This standard specifies the conditions and methods for measuring ship vibration and the report form of the measured data. This standard is applicable to ships sailing at sea whose hull beam vibration is excited by the propulsion device. It can also be used as a reference for inland ships. GB/T 14696-1993 Ship Vibration Measurement Procedure GB/T14696-1993 Standard Download Decompression Password: www.bzxz.net

UPC 629 : 534. 1. 08
National Standard of the People's Republic of China
GB/T 14696--93
Code for the measurement of ship vibration
Promulgated on November 9, 1993
State Administration of Technical Supervision
Applied on July 1, 1994
National Standard of the People's Republic of China
Code for the measurement of ship vibration
This standard refers to the international standard ISO 4867-84 "Code for measurement and reporting of ship vibration data". Subject content and scope of application
This standard specifies the conditions and methods for measuring ship vibration and the reporting form of the measured data. GB/T 14696-93
This standard is applicable to ships sailing at sea with hull beam vibration excited by propulsion equipment. Inland vessels can also refer to it. 2 Measuring instruments
2.1 An electronic measuring system with multiple channels and long-term record keeping should be selected. It is usually composed of sensors, amplifiers, filters and recorders.

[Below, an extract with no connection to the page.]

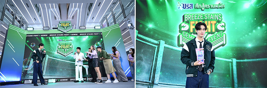 เริ่มต้นยกแรกบนสังเวียนด้วยเกมใบ้คำตรงใจบรีส ที่หนุ่มเจมีไนน์ ต้องเลือกสุ่มแฟนคลับผู้โชคดีขึ้นมาร่วมเป็นนักสู้ประลองความรู้ใจอย่างใกล้ชิด ทำเอาแฟน ๆ ฟินจนทำตัวไม่ถูก สานต่อความฟินในยกที่สองด้วยเกมเรียงเต๋าบรีส ที่แฟนคลับผู้โชคดีต้องร่วมกันเรียงภาพ ซึ่งเกมนี้ต้องอาศัยความเร็วเพื่อชิงกันตอบคำถามจากภาพ ใครทำคะแนนได้มากกว่าจะเป็นผู้ชนะรับของรางวัลกลับบ้าน งานนี้ทำเอาสังเวียนเกือบลุกเป็นไฟ เพราะเหล่าแฟนคลับสู้กันแบบไม่มีใครยอมใคร และทำให้ศึกสู้คราบหนัก Breeze Stains Fight x Gemini ในครั้งนี้ ทีมบรีสเป็นฝ่ายเอาชนะคราบหนักไปได้ และก่อนปิดสังเวียนเจมีไนน์ ได้จัดเตรียมโชว์สุดพิเศษ ที่ขนเพลงฮิตติดชาร์ต มาร่วมสร้างโมเม้นต์สุดฟินให้กับแฟน ๆ ได้ยิ้มจนแก้มปริไปตาม ๆ กัน จนถึงช่วงเวลาสำคัญที่เหล่าแฟนคลับรอคอย กับกิจกรรม Lucky Fan Photo ที่แฟนคลับผู้โชคดี จะได้ร่วมถ่ายรูปกับ เจมีไนน์ ทั้งแบบตัวต่อตัว และแบบกลุ่ม ก่อนที่จะเดินทางมาถึงช่วงสุดท้ายของงาน เจมีไนน์ ได้กล่าวขอบคุณแฟนคลับที่คอย ให้กำลังใจเสมอมา เรียกได้ว่าเป็นกิจกรรม ที่เต็มอิ่มครบรสแห่งความสุขอย่างแท้จริงเลยทีเดียว

2.2 It should have a wide frequency range and amplitude linearity. It should meet the frequency and amplitude requirements of the measured components and be able to adapt to environmental conditions such as temperature, brightness and noise on board.
2.3 The sensor installation should be reliable and accurate. The direction and layout of the wires should be reasonable. 2.4 The sensitivity, amplitude-frequency characteristics, amplitude linearity and phase-frequency characteristics of the instrument must be regularly verified or calibrated, and the certificate of conformity must be obtained before use.
2.5 When the pulse device is installed on the propeller shaft, the pulse signal should correspond to the upper dead center of the No. 1 cylinder of the upper engine or the position of a certain blade of the propeller.
3 Residual conditions
3. 1 The water depth should not be less than 5 times the draft of the ship (except for special circumstances). 3.2 The sea surface should be below sea state 3.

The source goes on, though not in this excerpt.